Из Вены – в Рим.
За окном вагона – ночная Европа семьдесят девятого.
Кон скорее ощущает, чем различает во мраке тяжесть горных громад, именуемых Альпами, их мертво-белое веяние, натекающее в кончики пальцев рук знакомым замиранием и покатыванием, требующим кисти или карандаша.
Но вот уже скоро полгода не брат их в руки, обессиленный ожиданием разрешения на выезд, невыносимостью прощания навечно с сорока годами отошедшей жизни, изматывающей душу предотъездной суетой.
Совсем недавно, в другом поезде, еще в той жизни, прощально пересекал он скифские пространства от Ленинграда до Одессы, затем – до Крыма, и встряхивающаяся на миг жизнь провинции, рассекаемая свистящим поездом, последний раз несущим его на юг, тут же опять забывалось в дремоте. Край случайного, погруженного в беспамятный сон огорода обозначался краем мира, Одесса обступала кавернами дряхлого камня, темными извивами скульптур: накопившаяся в них от обилия влаги плесень обдавала запахом затхлости и распада. В испуге он прилежно вдыхал этот запах, обреченно угадывая в нем затхлость предстоящей ему жизни и заранее к нему привыкая.
Поезд замедляет ход, на миг замирает у какой-то игрушечной европейской станции, пусто и отрешенно обозначившейся в этот предрассветный час.
Сидящая рядом девушка с нежным еврейским профилем и мягкой украинской речью всматривается в окно с печалью и надеждой.
Беженка-неженка.
Но не подносят на станции бабы соленые огурчики из Нежина.
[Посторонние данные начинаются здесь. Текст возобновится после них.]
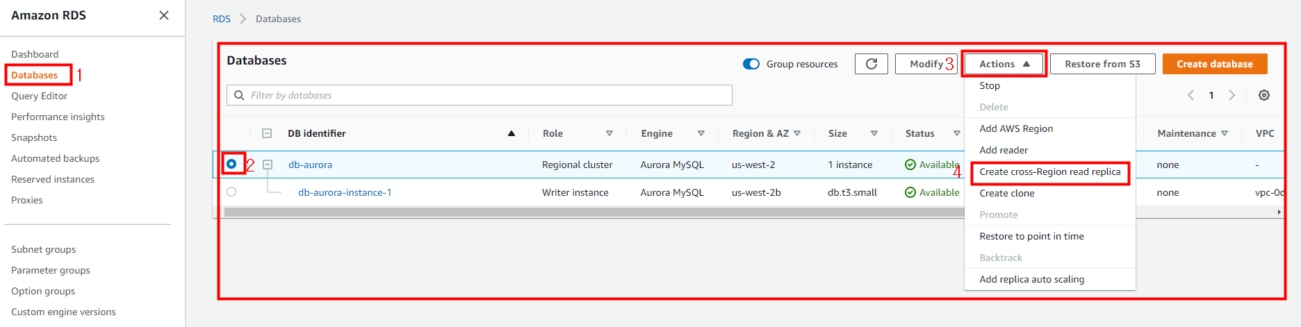 RDS 데이터베이스 교차 리전 복제본을 생성했습니다.

Поезд трогается. Сухой, фиолетово-солнечный Крым – на пути к Риму. Крым, Рим и медные трубы. Скорее – трубы каменные: тоннели. Они наступают как внезапная глухота или звон в ушах. Альпийские высоты холодят рассветной снежной белизной. Ощущение родственности с ними приходит Кону спасением от назойливо обступающей тесноты спутников по вагону, жизненной хватке которых можно позавидовать: стоит им зацепиться за любой угол, полку, вагонный косяк, тут же начинают ткать паутину, в которую жаждут уловить хотя бы толику покинутого ими уюта, и само это стремление мгновенно позволяет иностранцу отличить в них беженцев, спасающихся неизвестно от чего и едущих неизвестно куда.
Москвичи подчеркнуто растягивают слова, огораживая себя столичным говорком, ленинградцы держатся так, словно классическая безупречность северной Пальмиры является их личным наследственным достоянием и очередной заставивший их непроизвольно сжаться в темноте тоннель – всего лишь тоннель невского канала у Исаакия, водяная подзорная труба, в которой, приближаясь и ширясь, встает Питер.
Одесситы шумны и деловиты: женщины – усаты, мужчины – носаты.
Много картавого говора.
Гнусавое бормотание под нос: "Евреи, евреи, кругом одни евреи…"
Кон ощущает себя частицей этого людского скопища, начисто лишенного умения вольно привыкать к пространству: оно обозначается страхом ограничения, болезнью непрописки, околышем приближающегося милиционера, заголовком из вызывающей тошноту газеты – "Граница на замке".
А тут – в мягкой размытости рассвета – замки на вершинах Тосканы, гнезда легенд: красно-бурый цвет древнего геральдического камня; наливающееся крепостью синевы небо; нежнокупоросная зелень виноградных лоз; средневековые стены сказок Гофмана, погруженные в меланхолический свет Леонардо.